Recently, however, Hill et al . (EMBO J. 19, 5711–5719; 2000) have uncovered a new role for Rab6-KIFL in cytokinesis. Using immunofluorescence microscopy, they detected Rab6-KIFL in mitotic, but not interphase, cells. Although the protein appeared to be generally distributed in mitotic cells, the midbody of dividing HeLa cells was intensely stained. Levels of the protein were regulated in a similar way to cyclin B2, peaking during mitosis and rapidly falling thereafter.

These observations spurred a more detailed analysis of the function of this motor protein in cytokinesis. During metaphase, the protein is cytosolic, but as the spindle begins to elongate, it is present on the spindle, parallel to its axis. When the cell membrane begins to pinch during cytokinesis. Rab6-KIFL is found associated with short linear structures, which are most likely to be microtubules (the picture on the left shows anaphase II, that on the right shows telophase; Rab6 is shown in orange, DNA in blue and tubulin in green). Surprisingly, Hill and colleagues did not detect Rab6-KIFL in association with the Golgi at any point in the cell cycle. This finding calls into question previous contentions that this protein is involved in transport or Golgi distribution. Overexpression of full-length Rab6-KIFL inhibited cell division and caused cell death, whereas transfection with the Rab6-binding domain alone did not affect division, although it was partially localized to the Golgi. Likewise, injection of anti-Rab6-KIFL antibody prevented cytokinesis — cells began to form a cleavage furrow, but this then regressed to leave a binucleate cell.

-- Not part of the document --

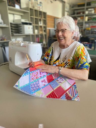 Gisela ist ein Handarbeitsprofi und kann dich mit ihrer langjährigen Erfahrung bei deinen Projekten unterstützen. Gisela hat sich besonders auf das Quilten von Decken spezialisiert und arbeitet donnerstags meist mit ihrer Gammill Langarm-Quiltmaschine. Diese darf nach gründlichen Einweisung auch von dir benutzt werden!

What of the two microtubule-binding domains? The MLKP1 family of kinesins is known to be required for cleavage-furrow formation. These kinesins also have two microtubule-binding domains and can crosslink microtubules in an antiparallel configuration. Studies using the Drosophila homologue, Zen-4, indicate that this motor protein, by stabilizing microtubules in such a manner, may help to mark the location at which the cleavage furrow will form. Another similarity is that MLKP1 has been found to bind to Arf1, a small GTPase that is involved in membrane transport. As we know that membrane-transport events are necessary during cytokinesis to pinch off the plasma membrane, this finding may explain the co-localization of Rab6-KIFL with Rab6 in the Golgi. These results indicate that perhaps the Rab6-KIFL motor protein is involved in the transport of Golgi fragments to the site of membrane fusion at the cleavage furrow.